Sülüker, and the bread chef Mehmet Cam, hail from Turkey’s Gaziantep, which is among the eight global cities that Unesco lauds for “creative gastronomy”. Ahmed Farid, co-founder and promoter of Prime Foods and Confectionary, also flies in nuts, coffee and hand-painted boxes from the country so that Mumbai clients can “visit the lanes of Turkey from the comfort of their city”.
Havuc dilmi with vanilla ice-cream at Hurrem’s
The shop itself gets its name from a powerful woman of the Ottoman Empire, one of the wives of Sultan Suleiman I, who was responsible for taking the dessert from the royal court to the general public. Spurred by travels to the region, Farid now hopes to make baklava a household name in India. The Consul General of Turkey in Mumbai, he shares, has been holding some of his coffee meetings at the restaurant.
The interiors of the sweet shop
These are sweet without meats, it turns out. The establishment has elected to go “100 per cent vegetarian” and designed recipes without so much as an egg glaze. That task took eight months of testing to perfect. Even if the store aims to draw more people away from chocolate and towards these Mediterranean treats as a gifting option, it is the chocolate baklava fistikli that remains most sought-after.
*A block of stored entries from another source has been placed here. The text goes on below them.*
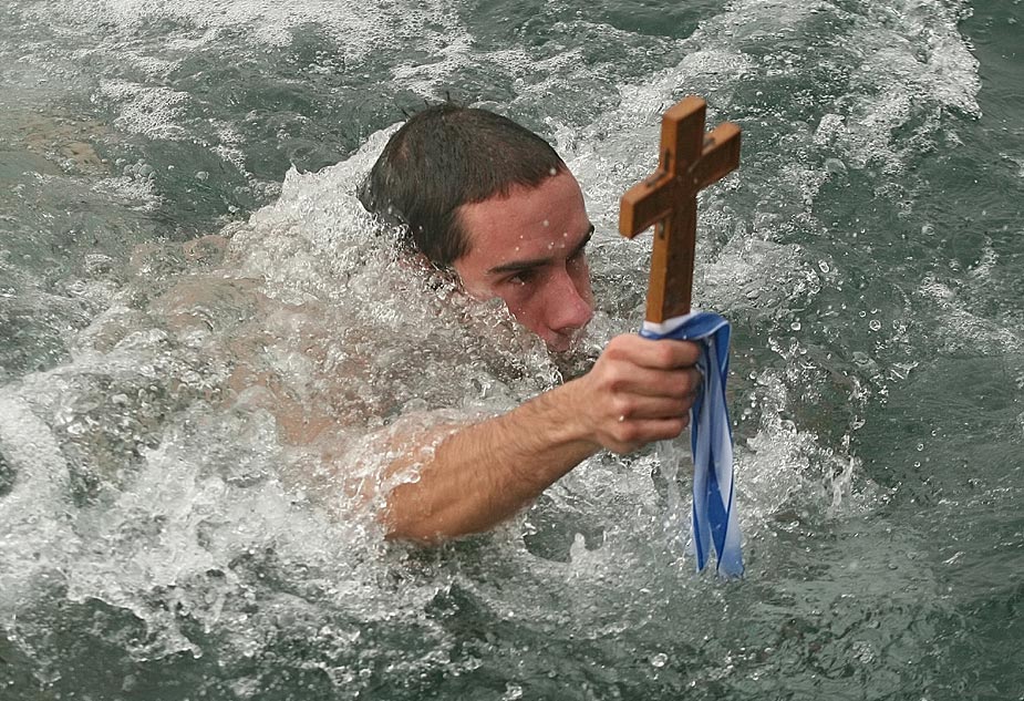 1月6日,在保加利亞卡洛菲爾市,人們?cè)诒涞暮铀刑鸨<永麃喢耖g舞蹈霍洛舞,相互祝福在新的一年里身體健康,事事順?biāo)臁D片來(lái)源:中國(guó)新聞網(wǎng)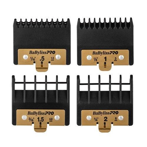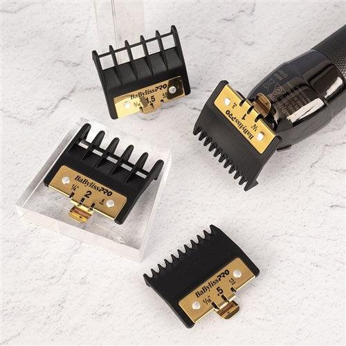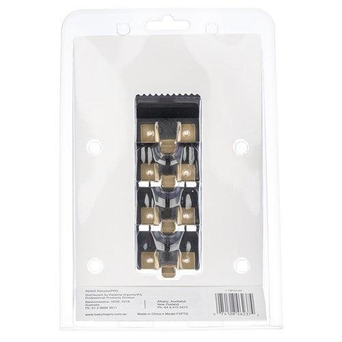 BaBylissPRO Premium Hair Trimmer Guards for all BaBylissPRO FX787 lithium trimmers. Use your trimmer with four different levels of length cutting, just like your clipper. Made from fibreglass-reinforced nylon for strength and durability, these professional trimmer guard accessories will not rub when the trimmer blade is zero gapped. Gold metal clip securely attaches your chosen guard to the trimmer.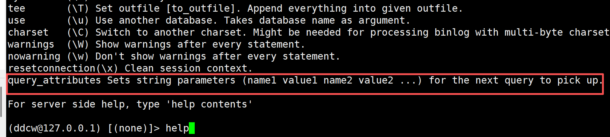 我们在mysql客户端中使用help即可看到query_attributes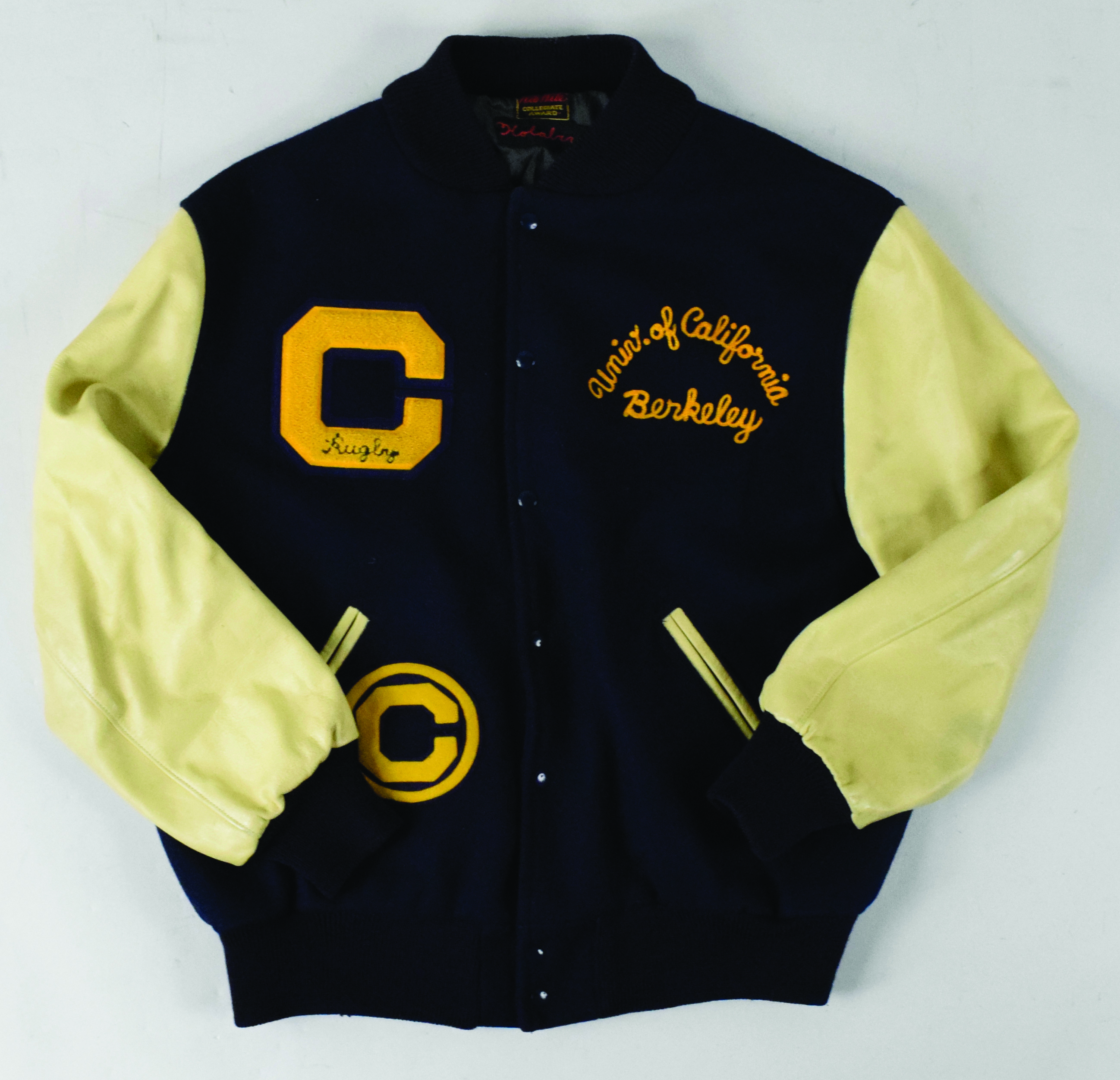 Description:Very nice University of California-Berkley Varsity rugby captain's jacket, c. 1930s (EX/MT). Classic, heavy-duty size 48 letterman's style blue wool jacket with cream leather sleeves has Wil White Collegiate Award and "Holabird" tags stitched in the collar, attributing the jacket to Cal Bears' rugby captain Tim Holabird. Gold "University of California Berkley" and "C - Rugby" are stitched on the front. Includes a certificate from the Cal Athletics Department certifying that "Timothy Holabird has won the right to wear a C - Rugby." Jacket has light wear overall: EX/MT.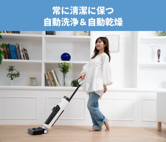充電時はボタンをワンプッシュするだけでソフトローラーブラシ、廃水タンク、パイプを⾃動的に洗浄します。

“Clients in Mumbai can visit the lanes of Turkey from the comfort of their city”- Ahmed Farid, co-founder and promoter, Prime Foods
Farid suggests trying another popular menu item, the havuc dilmi. It is constructed with 80 handmade pastry sheets so thin “you can read the newspaper from through it”, and goes best with ice-cream or clotted cream. This one is for people with unconditional love for sugar. An iced tea spiked generously with the Turkish staple of pomegranate helps cut through the saccharine overload. As does the sharp green olive salad. Besides the main attraction, chewy Turkish delight, spiced and candied nuts, and stuffed Medjool dates are on offer too.
The chefs speak limited English so the Indian staff communicate with them using Google Translate. If this arrangement works smoothly, there is a Turkish concept that tells you why. Sülüker says food is considered a “social technology” back home. “It brings people together and keeps them happy.”